→ **Stored data entries**
------------------------------------------------------------------------

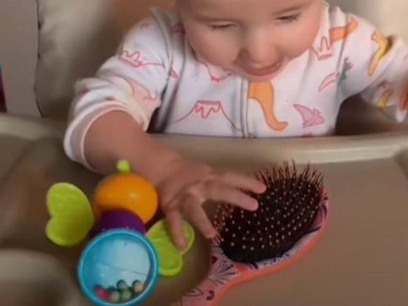 "Ovo je samo podsetnik za praznike koji nam dolaze", poručila je uz snimak na kome se vidi da Lili uzima četku za kosu umesto zvečke, daljinski upravljač umesto plišane igračke i pelenu umesto igračke jarkih boja.
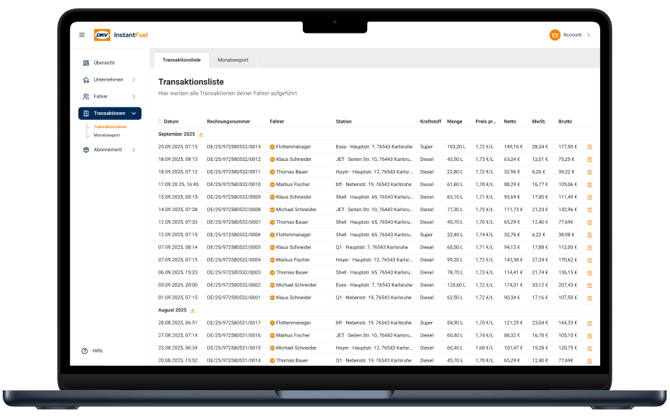Sie erhalten für jede Transaktion automatisch einen finanzamtkonformen, digitalen Beleg. Im DKV InstantFuel Dashboard können Sie alle Belege und Transaktionsdaten als steuerkonformen Export (z.B. eine übersichtliche PDF-Liste) für Ihre Buchhaltung oder Ihren Steuerberater herunterladen.
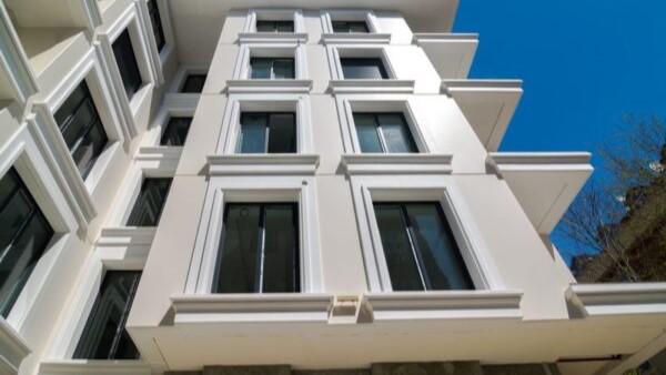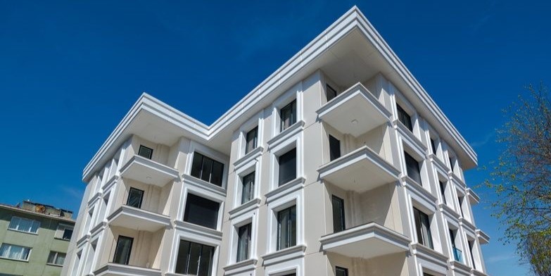 Yesilkoy Residence project facade cladding is made with gfrc / grc (glass fibre reinforced concrete) by GRC Plus (Fiberton brand).
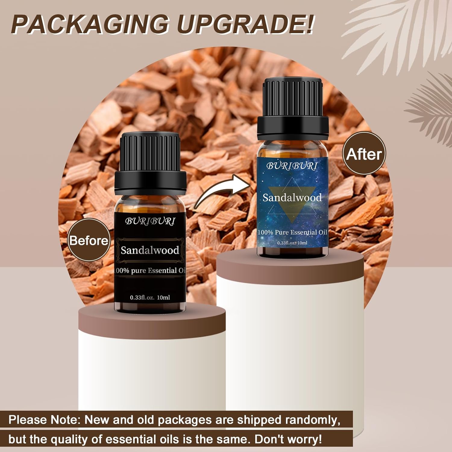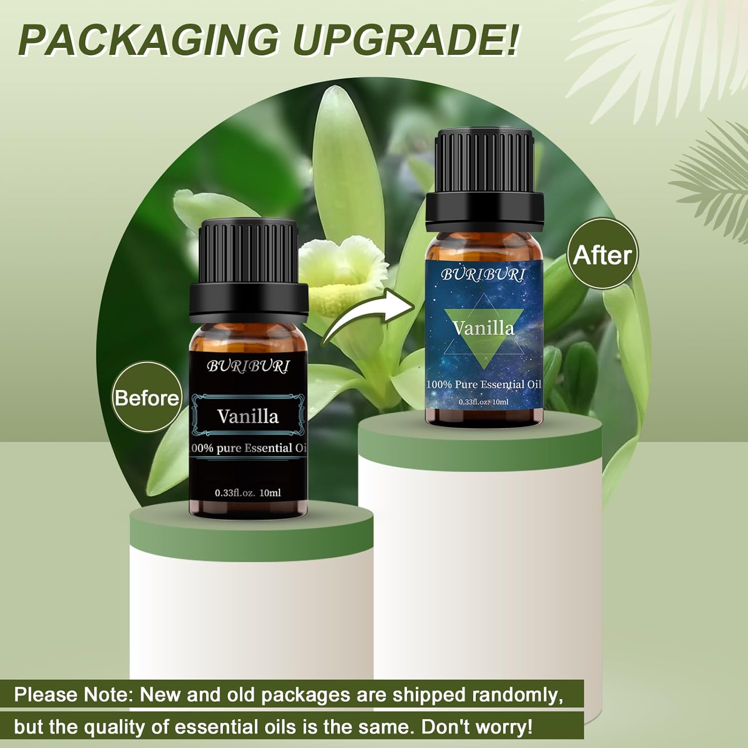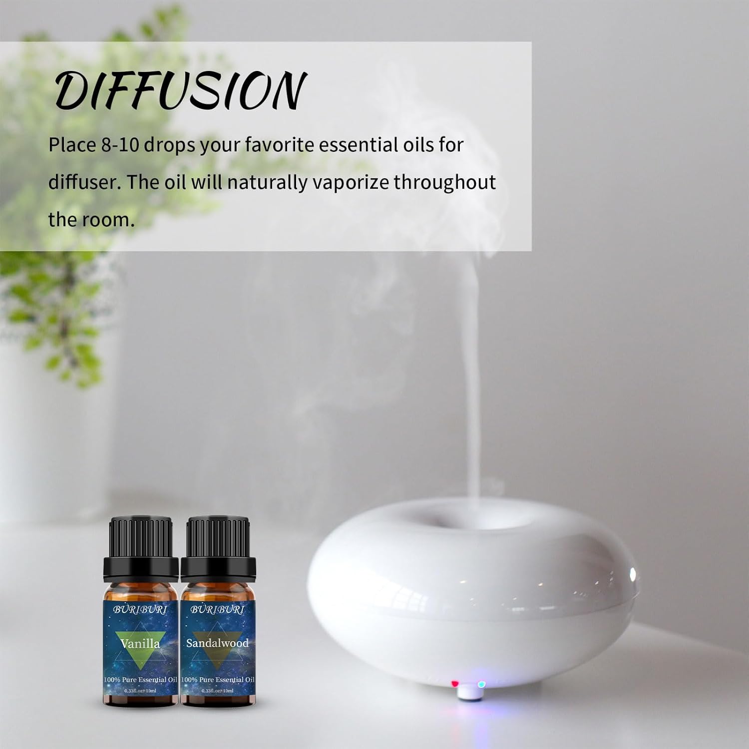- Packing Includes: 10ml Vanilla Oil x1, 10ml Sandalwood Oil x1. With no adulterants or dilution, 100% pure. BURIBURI essential oil is bottled in a durable amber glass bottle.
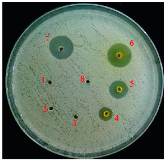 Growth of inhibition zones produced by ethanol extracts of Conyza canadensis against Ralstonia solanacearum. 1: 50 mg/mL, 2: 100 mg/mL. 3: 150 mg/mL. 4: 200 mg/mL, 5: 250 mg/mL, 6: 300 mg/mL, 7: Ampicillin, 8: Methanol.
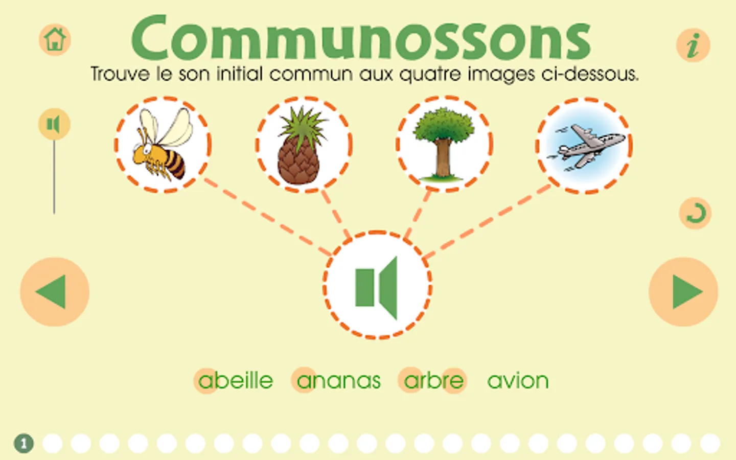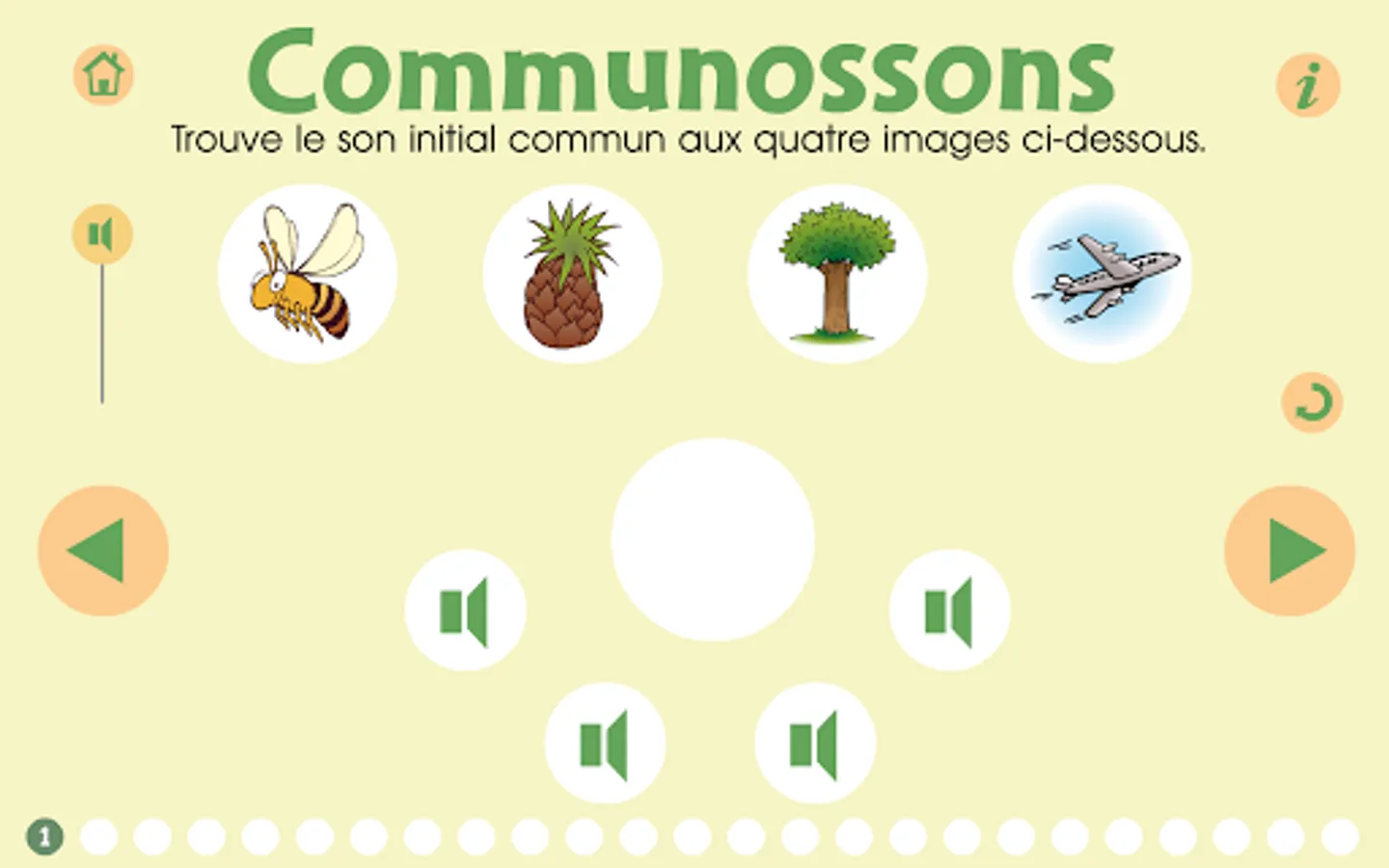 The application contains 25 exercises built on the same model. In this game, the user must recognize the initial sound of each word, then mentally isolate it. After hearing each word by touching them, he chooses which of the sound icons corresponds to the initial syllable of the words. He then slides the icon of the correct answer into the white circle. In case of error, a negative signal appears. If the sound is the one wanted, a bell ends the exercise. We can then move on to the next exercise. For more enjoyment, it is suggested to make this game with headphones and a stylus.
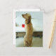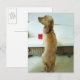 Postal Perro parado en un sofá con un regalo
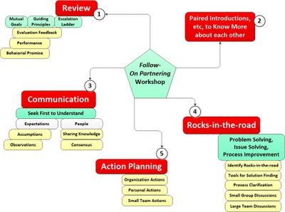 The Elements of the Initial Partnering Workshop include creating a Charter with the Vision/Mission, Guiding Principles and Mutual Goals. More importantly, the Team Members get to know one another better which engenders cooperation, collaboration and communication.
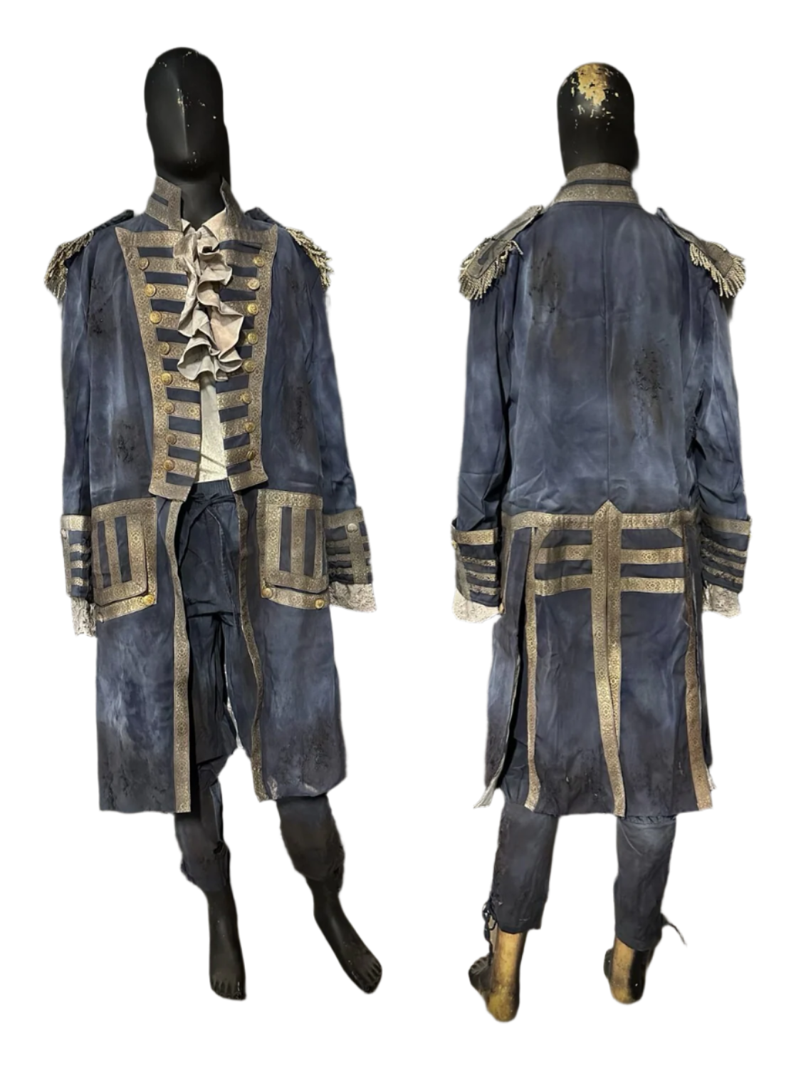 This Haunted Mansion Collection Coachman Adult Costume is perfect for your next murder mystery party. The hand-distressed colonial hussar outfit gives off a creepy vibe, perfect for the occasion. It includes a distressed jacket, pants, and shirt, and is available for rent or purchase in size large.
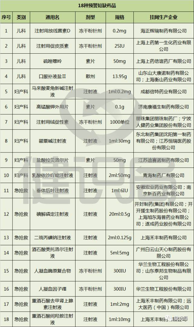 下面是健識(shí)局搜集整理的5省份今年發(fā)布的共139個(gè)短缺藥品清單,供參考。
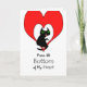 Thank You paper greeting card features a black cat with big green eyes holding on to the bottom of a large red heart. Cute digital illustration perfect for a special Thank You. Image and verse copyright © Shoaff Ballanger Studios.

------------------------------------------------------------------------

→ **Problem**
The line that contains "下面是健識(shí)局搜集整" opens the part to copy, and the last line of the records closes it; set down those lines exactly, pictures excluded.

→ **Written response**
 下面是健識(shí)局搜集整理的5省份今年發(fā)布的共139個(gè)短缺藥品清單,供參考。
 Thank You paper greeting card features a black cat with big green eyes holding on to the bottom of a large red heart. Cute digital illustration perfect for a special Thank You. Image and verse copyright © Shoaff Ballanger Studios.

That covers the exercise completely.